See (VEDA Analytics JupyterHub Access)[https://nasa-impact.github.io/veda-docs/veda-jh-access.html] for information about how to gain access.

Outside the Hub

You are welcome to run this anywhere you like (Note: alternatively you can run this on https://daskhub.veda.smce.nasa.gov/, MAAP, locally, …), just make sure that the data is accessible, or get in contact with the VEDA team to enable access.

Approach

This notebook demonstrates how to create a kerchunk reference for the AWS Open Data Registry of NASA Earth Exchange Global Daily Downscaled Projections (NEX-GDDP-CMIP6) NetCDF files on S3. Because the NetCDF files are publicly avaialble, this notebook should be runnable in any environment with the imported libraries, up until the last step where the kerchunk reference file is stored in the veda-data-store-staging S3 bucket, as that is a protected bucket.

To see how to publish a kerchunk reference to a STAC collection, see the Publishing a CMIP6 Kerchunk Reference to STAC notebook.

Step 1: Setup

Import necessary libraries and define some variables for which CMIP6 variable and model we will create references for.

import os
from tempfile import TemporaryDirectory

import boto3
import dask.bag as db
import fsspec
import ujson
import xarray as xr
from dask_gateway import Gateway, GatewayCluster
from kerchunk.combine import MultiZarrToZarr
from kerchunk.hdf import SingleHdf5ToZarr

# Specify the CMIP model and variable to use.
# Here we are using near-surface air temperature from the GISS-E2-1-G GCM
model = "GISS-E2-1-G"
variable = "tas"
# If this code were re-used for a protected bucket, anon should be False.
anon = True
# Note: We are only using the historical data in this example.
# More years of data are available from multiple Shared Socio-Economic Pathways (SSPs) in the s3://nex-gddp-cmip6 bucket.
s3_path = f"s3://nex-gddp-cmip6/NEX-GDDP-CMIP6/{model}/historical/r1i1p1*/{variable}/*"

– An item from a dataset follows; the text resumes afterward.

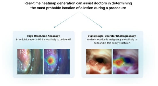 Real-time heatmap generation for lesion location and biopsy guidance in high-resolution anoscopy and digital single-operator cholangioscopy.

Step 2: Initiate file systems for reading and (temporary) writing

fs_read = fsspec.filesystem("s3", anon=anon, skip_instance_cache=False)

# Create a temporary directory to store the .json reference files
# Alternately, you could write these to cloud storage.
td = TemporaryDirectory()
temp_dir = td.name
print(f"Writing single file references to {temp_dir}")

Writing single file references to /tmp/tmpugv4rwhn

Step 3: Discover files from S3

# List available files for this model and variable
all_files = sorted(["s3://" + f for f in fs_read.glob(s3_path)])
print(f"{len(all_files)} discovered from {s3_path}")

65 discovered from s3://nex-gddp-cmip6/NEX-GDDP-CMIP6/GISS-E2-1-G/historical/r1i1p1*/tas/*

Step 4: Define some functions for creating and storing Kerchunk reference files for single files

so = dict(mode="rb", anon=anon, default_fill_cache=False, default_cache_type="first")

# Use Kerchunk's `SingleHdf5ToZarr` method to create a `Kerchunk` index from a NetCDF file.


def generate_json_reference(u):
    with fs_read.open(u, **so) as infile:
        fname = u.split("/")[-1].strip(".nc")
        h5chunks = SingleHdf5ToZarr(infile, u, inline_threshold=300)
        return fname, ujson.dumps(h5chunks.translate()).encode()


def write_json(fname, reference_json, temp_dir):
    outf = os.path.join(temp_dir, f"{fname}.json")
    with open(outf, "wb") as f:
        f.write(reference_json)
    return outf

Test we can create a kerchunk reference for one file.

fname, ref_json = generate_json_reference(all_files[0])
write_json(fname, ref_json, temp_dir)

'/tmp/tmpugv4rwhn/tas_day_GISS-E2-1-G_historical_r1i1p1f2_gn_1950.json'

Step 5: Use a dask cluster to generate references for all the data

Start the cluster and check out the dashboard for active workers, as it may take a few seconds or minutes for them to start up.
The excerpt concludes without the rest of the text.